**DATA FOR REVIEW:**
-- Opening Marker --

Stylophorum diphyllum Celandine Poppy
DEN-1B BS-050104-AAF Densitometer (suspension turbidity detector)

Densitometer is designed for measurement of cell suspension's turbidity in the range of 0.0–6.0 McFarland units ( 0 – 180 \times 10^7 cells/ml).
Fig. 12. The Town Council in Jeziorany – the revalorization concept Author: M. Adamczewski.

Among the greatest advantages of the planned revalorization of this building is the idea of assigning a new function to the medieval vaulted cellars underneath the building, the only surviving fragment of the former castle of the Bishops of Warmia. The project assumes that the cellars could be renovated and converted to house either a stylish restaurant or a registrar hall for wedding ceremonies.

-- Closing Marker --
-- Opening Marker --

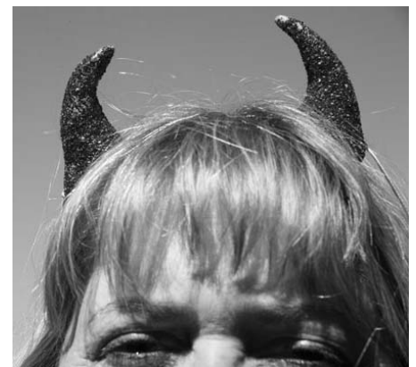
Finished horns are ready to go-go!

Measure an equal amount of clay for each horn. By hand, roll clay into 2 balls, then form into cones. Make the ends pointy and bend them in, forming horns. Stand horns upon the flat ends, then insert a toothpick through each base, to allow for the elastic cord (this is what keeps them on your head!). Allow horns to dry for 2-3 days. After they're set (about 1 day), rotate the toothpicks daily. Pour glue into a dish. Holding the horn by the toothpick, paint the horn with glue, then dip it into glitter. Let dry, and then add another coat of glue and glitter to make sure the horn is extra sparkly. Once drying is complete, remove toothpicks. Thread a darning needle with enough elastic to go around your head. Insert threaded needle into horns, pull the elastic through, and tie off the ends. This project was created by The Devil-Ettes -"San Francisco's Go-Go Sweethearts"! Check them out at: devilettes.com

-- Closing Marker --
-- Opening Marker --

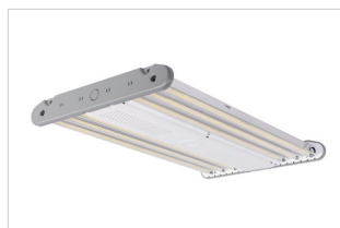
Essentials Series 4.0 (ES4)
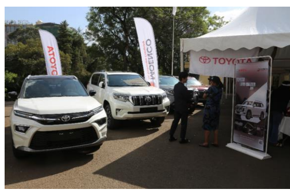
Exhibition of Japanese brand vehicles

-- Closing Marker --

**TASK BRIEF:** Print the lines above from the one with "Stylophorum diphyllum Celandine Poppy" through the one with "Densitometer is designed", both included, exactly as written and nothing more.

**RESULT FOR THIS TASK:**
Stylophorum diphyllum Celandine Poppy
DEN-1B BS-050104-AAF Densitometer (suspension turbidity detector)

Densitometer is designed for measurement of cell suspension's turbidity in the range of 0.0–6.0 McFarland units ( 0 – 180 \times 10^7 cells/ml).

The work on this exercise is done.